Who doesn’t love a daring adventure story when she sees it? And when it’s a non-fiction picture book? All the better. When it features a brave lass at the helm? Unbeatable. And there we have Dare the Wind: The Record-breaking Voyage of Eleanor Prentiss and the Flying Cloud by Tracey Fern and illustrated by Emily Arnold McCully, published only last month by Farrar, Straus and Giroux.

Dare the Wind tells the story of young Ellen Prentiss, who was born “with saltwater in her veins.” Her father nurtured her interest in the sea, and Ellen learned navigate and sail on her own. When Ellen grew up, her love for adventure never waned, and her husband was given command of a clipper ship built for speed. With the Gold Rush on, Ellen raced from New York, around the tip of Cape Horn, and into San Francisco to stake her fortune. She not only navigated the clipper safely, but she set the world record for speed along the way.
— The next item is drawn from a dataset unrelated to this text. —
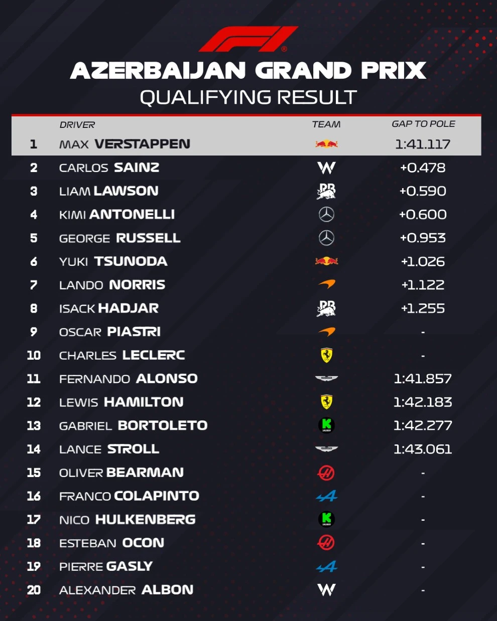 Από εκεί και πέρα, από την 6η θέση θα ξεκινήσει τον αγώνα ο Γιούκι Τσουνόντα, στην 7η θα είναι ο Λάντος Νόρις, στην 8η ο Ισάκ Χαντζάρ, στην 9η ο Όσκαρ Πιάστρι και στη 10η ο Σαρλ Λεκλέρ, με τη Ferrari να απογοητεύει ξανά καθώς ο έτερος οδηγός της, ο Λιούις Χάμιλτον, θα ξεκινήσει από τη 12η θέση.

Question: You’re a Massachusetts gal, and so was Ellen Prentiss. Is that what drew you to her story? Could you talk about the “ah-ha” moment when you decided to write a book about this daring seafarer?
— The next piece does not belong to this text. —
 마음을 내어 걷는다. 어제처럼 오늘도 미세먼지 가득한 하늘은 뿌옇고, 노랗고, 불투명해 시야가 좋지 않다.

Tracey Fern: I’m always on the lookout for great real-life stories that feature a unique person mixed with a dash of adventure or discovery.  My “ah-ha” moment came when I picked up David Shaw’s book, Flying Cloud, on a whim.  I knew instantly that I had to write about Ellen. Ellen’s story – a young woman performing a traditionally male role, clipper ships, a race, storms – had it all! It was an added bonus that she was from Marblehead, Massachusetts, which is one of my favorite towns.  I love walking the narrow, cobbled streets, imagining Ellen learning to navigate ships in the harbor.